Without this, your program unfortunately becomes a continuation of this type of racism. It is true that today we (White folks) continue to take/share/co-opt the stories of folks of Color with good and malintent. But intent matters little when the impact causes pain, particularly when the privileges of one group is in direct relationship with the genocide and oppression of another. This, I wished your story had mentioned, as well as how inappropriate it is for schools to continue teaching this story to our youth with made up words and history.
A story that continues to romanticize the spiritual Native American (which impacts our current justification of the racist trend in fashion and lifestyle) without sharing the story of genocide, of forced relocation, of boarding schools, of the prohibiting of spiritual and cultural practices that manifest today in disease and in pain is simply irresponsible. And of course these communities exist in and create great beauty today as well, we often forget that it all manifests simultaneously. Cherokee folks, Native folks – they exist and are here; they tell and write stories, and it is these we must hear and read in our schools.
It is not our role to tell these stories. It is our role to provide space for these stories to be told and to demand that White folks listen to these communities so that healing can continue. It is through honoring and hearing each others’ stories that we come together as a larger community, that we move forward into a time when we treat one another and the earth with more love.
I believe your program wants this change, and I am grateful for your program; it has touched me, educated me, and humored me for many years.
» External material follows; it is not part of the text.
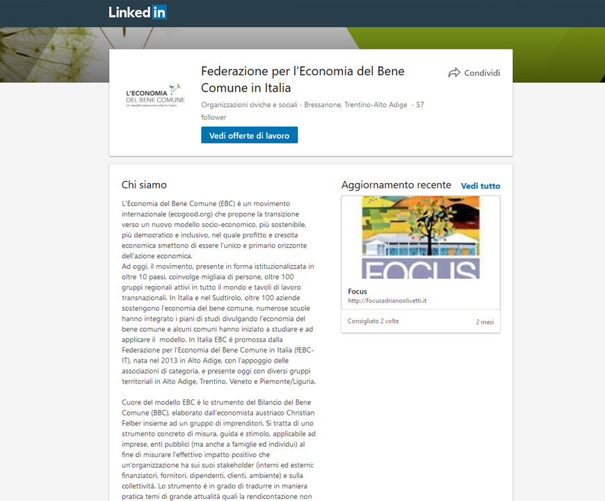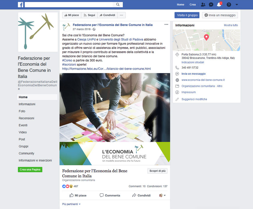 Creazione del flyer e della Landing Page per la promozione delle iscrizioni al Corso per Consulenti e Tecnici del Bilancio del Bene Comune. Attivazione campagna Facebook e Linkedin. Ideazione post per coinvolgere e fidelizzare i Fan della pagina.

However, at times you miss important points that should be highlighted, and the segment I mention is an example of one such opportunity.
One way you could have addressed this issue or become aware of it yourself is to have asked a contemporary Cherokee activist to share their thoughts on this story. I do not doubt Alex Blumberg’s good intent in producing this story, but unfortunately he becomes another White man re-telling the story without asking folks from the affected community to share their thoughts. Simply stating that the introduction to the second pressing of the book was written by a Cherokee man does not do this.
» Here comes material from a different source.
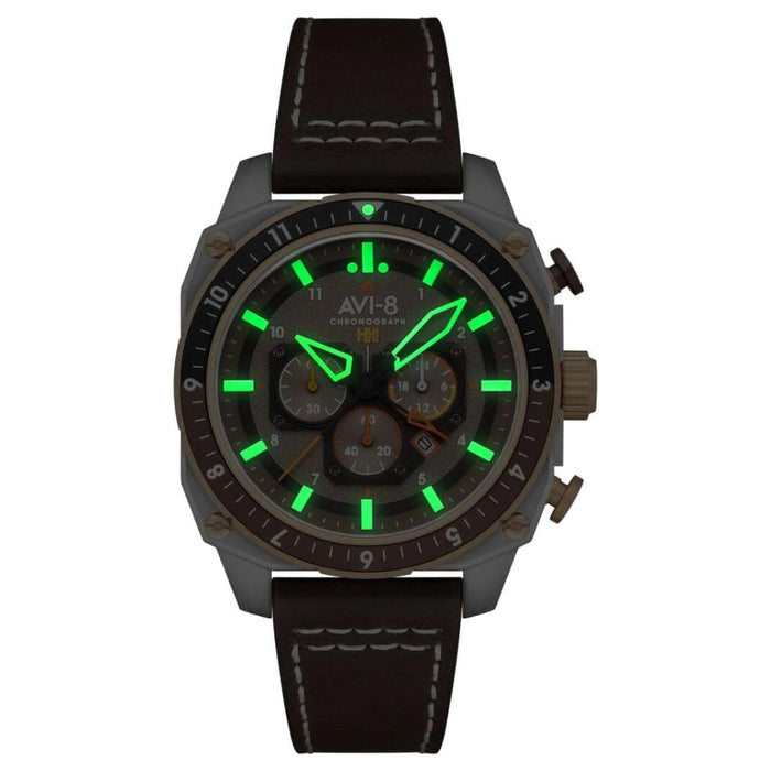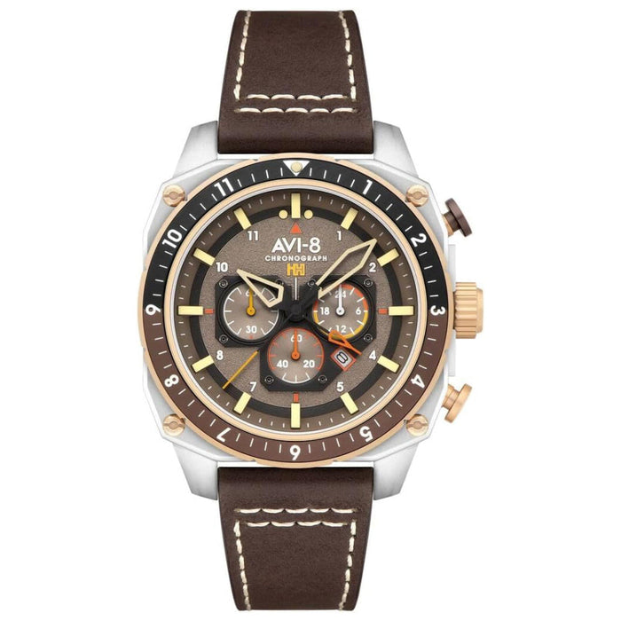 AVI-8 Unisex Grey Dial Brown Leather Band Hawker Hunter Atlas Dual Time Chronograph Analog Japanese Quartz Watch

Those that grow up under a system that normalizes this type of co-opting are of course prone to believe in its legitimacy. I am also aware that folks within the Cherokee community will have differing views on the appropriateness of Carter’s actions, and this is part of the ambiguous times that we live in. I would hope for your show, and perhaps you already do this, to hire some folks from the communities whose stories YOU are sharing, editing, crafting from footage YOU research and record to see and hear their thoughts on YOUR portrayal. It is in this way that we as White folks attempt to be accountable.
In conclusion, I want to make clear that I am not writing this email with anger. I am writing with the desire that true dialogue and reflection can take place. I am happy to answer any questions you may have.